# HP Photosmart 318 Digital Camera doesn't work



## pbjeykumar (Oct 20, 2005)

Hi,
   I'm Jeya Kumar.I have a HP Photosmart 318 Digital Camera. I have a Windows XP Pro. 

  Now the camera doesn't work. The problem is my Sandisk CompactFlash Memory Card doesn't reformat in my camera. When I try to turn it on, it says "CF card requires reformatting". Then it gives me the format memory screen, asking if I want to delete all images and files on the CF card. Whether I press yes or no doesn't make any difference, it just takes me back to the first message about the card needing reformatting. Is the card knackered or do I need to have a reader to be able to reformat it in this case?.

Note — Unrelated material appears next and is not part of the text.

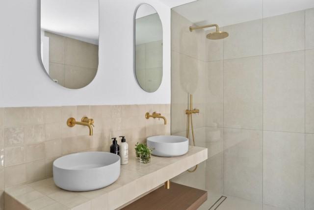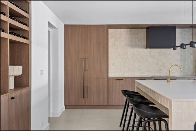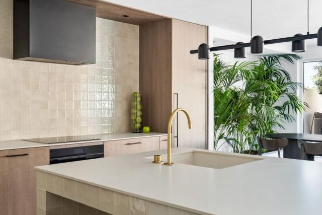 This property is perfect for year-round living or a holiday home. The combination of earthy colors, matte black, smoked oak wood, gold touches, and unique zellige tiles creates a refined look for the property. Upon entering, you’re greeted by a distinctive staircase made of wood and metal, seamlessly merging traditional and modern styles. Right from the entrance, the home opens up to the kitchen, dining, and living areas, all overlooking a beautiful outdoor living space with a private pool, creating a close connection between the inside and outside areas, which gives a peaceful and unified feeling.

   I tried to download the driver for above model from HP website, it looks like above 120 MB. And it contains many other model's drivers & imaging softwares. I want exact driver for my camera.

   So what should I do to rework my camera?. Please help me.

  Thanks in advance.

     Kumar B.


----------



## Tman9135 (Nov 19, 2006)

I am having the same exact problem. Did you ever find a solution?



			
				pbjeykumar said:
			
		

> Hi,
> I'm Jeya Kumar.I have a HP Photosmart 318 Digital Camera. I have a Windows XP Pro.
> 
> Now the camera doesn't work. The problem is my Sandisk CompactFlash Memory Card doesn't reformat in my camera. When I try to turn it on, it says "CF card requires reformatting". Then it gives me the format memory screen, asking if I want to delete all images and files on the CF card. Whether I press yes or no doesn't make any difference, it just takes me back to the first message about the card needing reformatting. Is the card knackered or do I need to have a reader to be able to reformat it in this case?.
> ...


----------